La colonia italiana in Abissinia/XV

Da Wikisource.
XV

../XIV ../XVI IncludiIntestazione 7 novembre 2022 75% Da definire

XIV XVI
[p. 126 modifica]

XV.


L’apologia di me stesso — Pioggia — Una piaga d’Egitto. I termiti in casa — Ancora le locuste — Lucertoloni, vipere e serpenti — La lucertola e la vipera — Scomparsa dei flagelli.



Infatti Glaudios aveva saputo, in sì breve tempo, attirarsi l’odio di tutta la colonia a segno tale che stavasi già macchinando da qualcuno degli indigeni qualche brutto tiro per levarselo dai piedi.

Nè questo io scrivo per mettere in evidenza le altrui mancanze e scusare a questo modo le mie, dappoichè io sappia, e con me lo possa sapere ognuno, che tutti in generale abbiamo dei difetti. Ma se pure io credo d’averne avuto qualcuno, si fu quello certamente di non essermi mai lagnato di nulla, e di essere stato sempre nascosto dietro a tutti, molti dei quali, con poca coscienza, seppero, in vista della mia debolezza, approfittarne a mie spese e farsi belli — come suol dirsi — colle penne altrui. [p. 127 modifica]

In forza di ciò non vi fu mai il caso ch’io fossi stato preso un po’ in considerazione e, pur troppo, mi lasciai sfuggire più di un’occasione di occupare qualche posto che avrebbe potuto bastare alla mia sussistenza.

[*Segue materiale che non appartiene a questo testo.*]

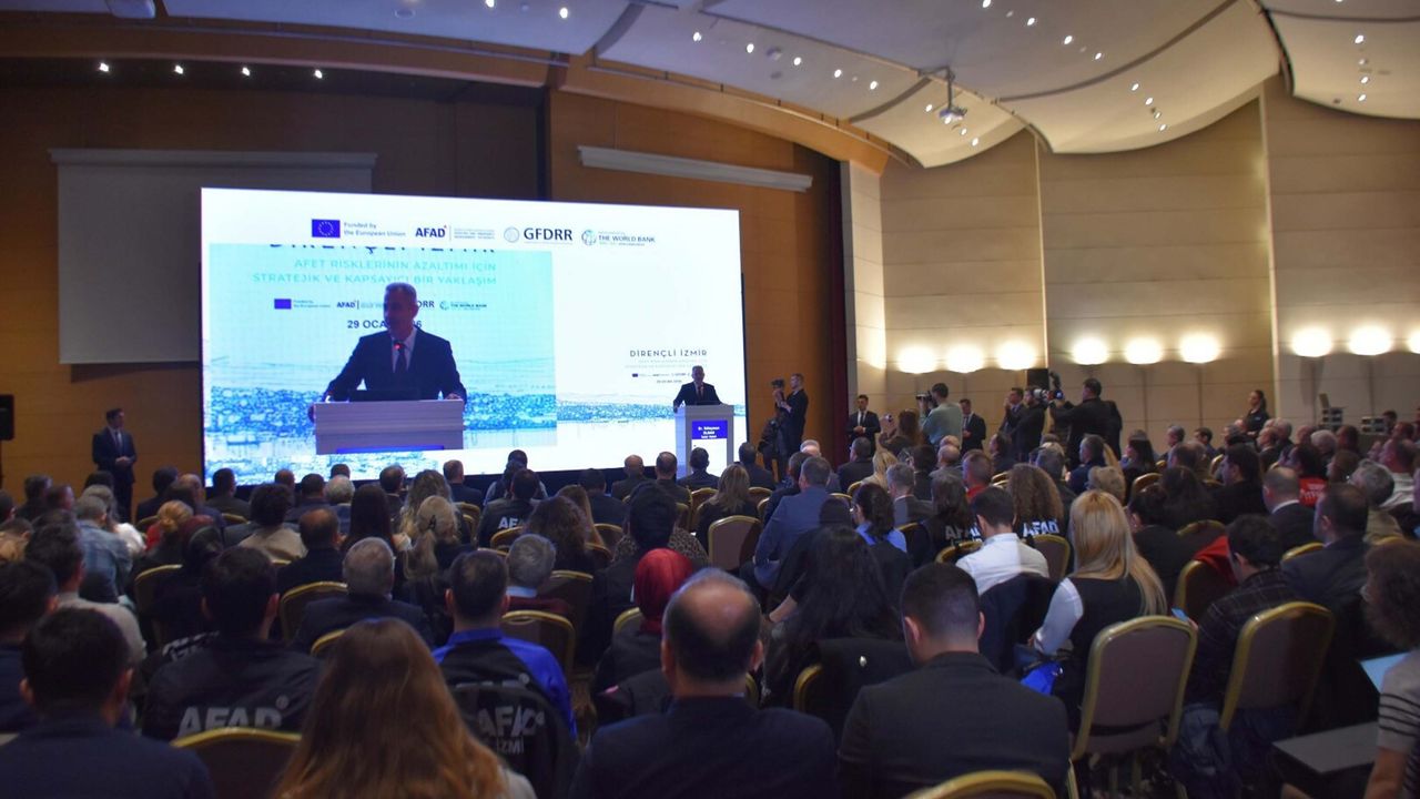 Dünya Bankası Ülke Yönetim Ofisi yetkilisi Korhan Yazgan ise 'Türkiye'de yürüttüğümüz faaliyetler içerisinde afetlere karşı hazırlıklı olma ve afetlerden sonra iyileştirme özel önem verdiğimiz konular arasında yer almaktadır. Dünya Bankası olarak İzmir'de farklı sektörlerde ve ölçeklerde çeşitli projeleri finanse ediyoruz. Dirençli İzmir Projesi İzmir'de afet risklerini azaltmaya yönelik öncelikli yatırımların belirlenmesine ve afetlere müdahale kapasitesinin güçlendirilmesine odaklanmaktadır. Proje Avrupa Birliği hibesi ile finanse edilmekte olup, teknik ve mali uygulaması küresel afet risklerinin azaltılması ve iyileştirilmesi mekanizması aracılığıyla Dünya Bankası tarafından yürütülmektedir' dedi.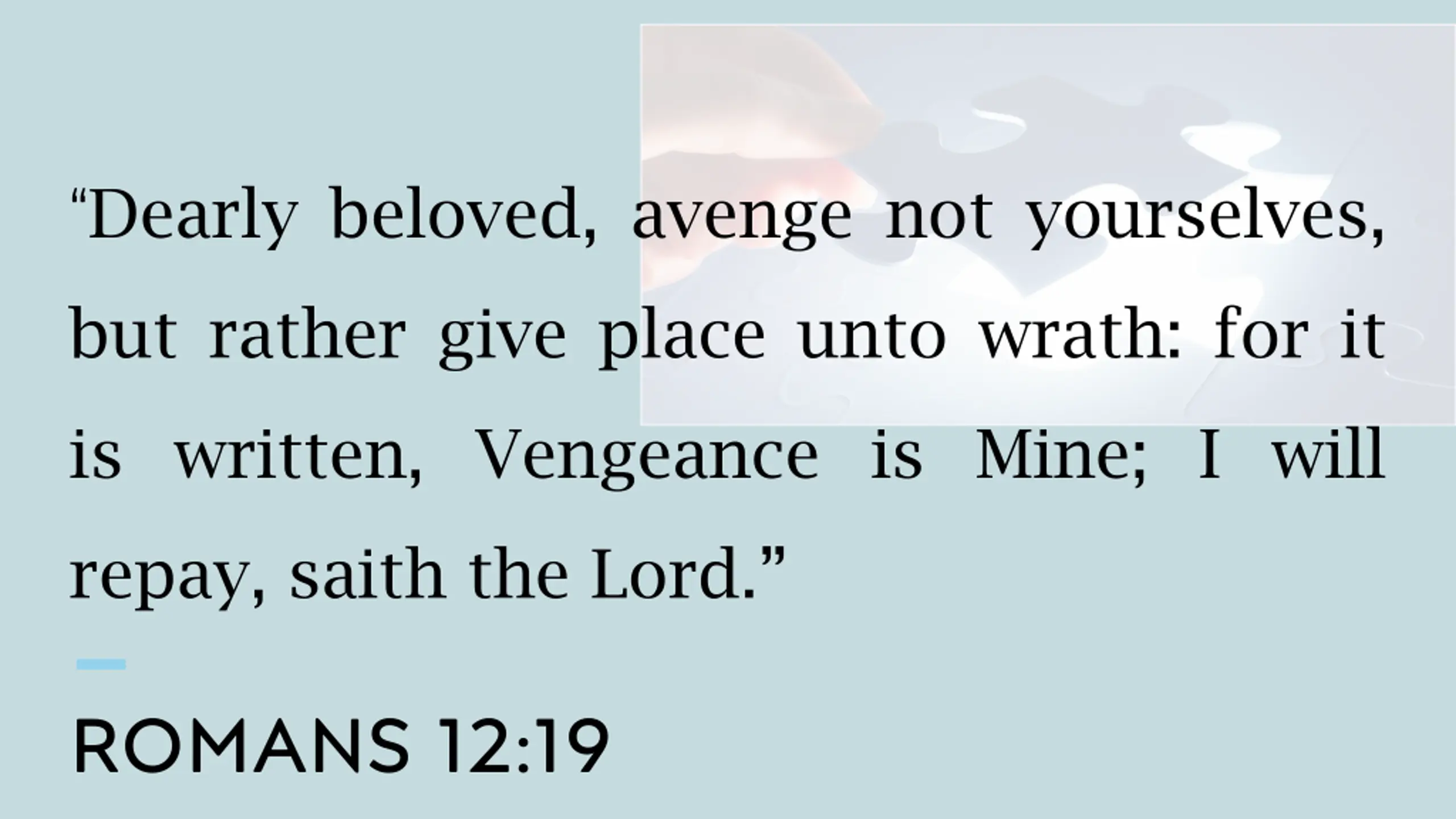 Dearly beloved, avenge not yourselves, but rather give place unto wrath: for it is written, Vengeance is Mine; I will repay, saith the Lord. ROMANS 12:19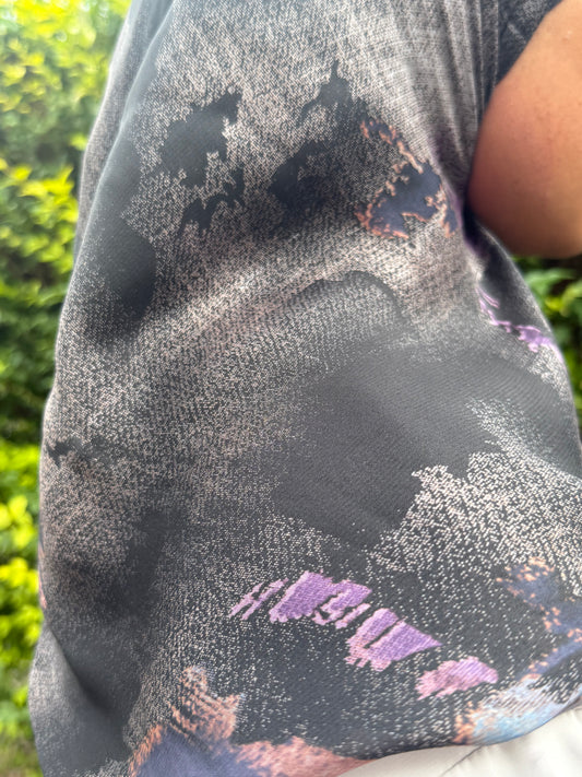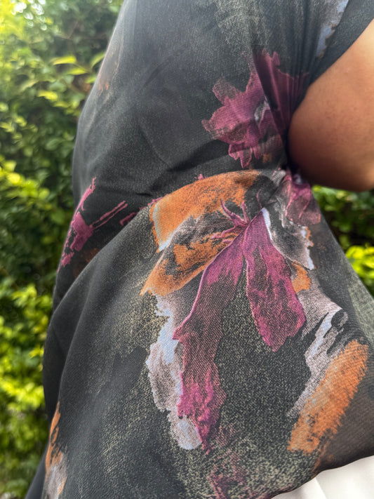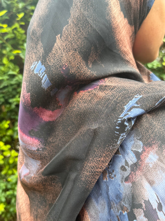 The hijab is made of a soft chiffon. It features a brushstroke, floral pattern combining soft hues that blend seamlessly. The fabrics lightweight texture drapes elegantly while remaining breathable and comfortable making it perfect for everyday wear and special occasions.

Ora è vana ogni recriminazione.

Feci parte della Colonia nella prima spedizione, vi posi tutta la mia laboriosità, esposi la mia vita, fui tra i primi a sopportare fatiche e sacrifizi d’ogni genere, non perdetti mai del mio tempo per cose dappoco, ma costrussi capanne per me e per altri, lavorai terreni, feci da manovale e da ingegnere, cercai di essere giovevole al prossimo e procurai di esser buono e leale amico di tutti; eppure, come ne venni ricambiato?

Negli ultimi tempi, allorchè giunse a Keren Pompeo Zucchi e domandò ragguagli della colonia, fu lo spagnuolo che glieli diede a suo modo, perorando pro domo e diminuendo a tutti del proprio merito.

E pare che sul mio conto avesse impastocchiato qualche cosa di grosso, poichè, a quanto potei rilevare in appresso, il signor Zucchi mi tenne in conto di un fannullone, e sparlò di me più e più volte; e, dopo il suo decesso, la signora Elena, sua consorte, e la loro figlia, mi trattavano con riserbo e con severità, finchè un giorno mi chiarirono del tutto.

Nè parvero persuadersene alle parole di giustificazione ch’io proffersi, neppure quando parlarono in mio favore le testimonianze di alcuni tra i miei amici, sicchè, punto nel mio amor proprio, e stanco di servire di zimbello ad alcuno, mi decisi a lasciare il padre Stella e Bonichi, i due miei strenui difensori, e dividermi da tutti abbandonando Sciotel, incontrando persino difficoltà a portar meco il fucile per difendere la mia vita a qualunque evenienza. [p. 128 modifica]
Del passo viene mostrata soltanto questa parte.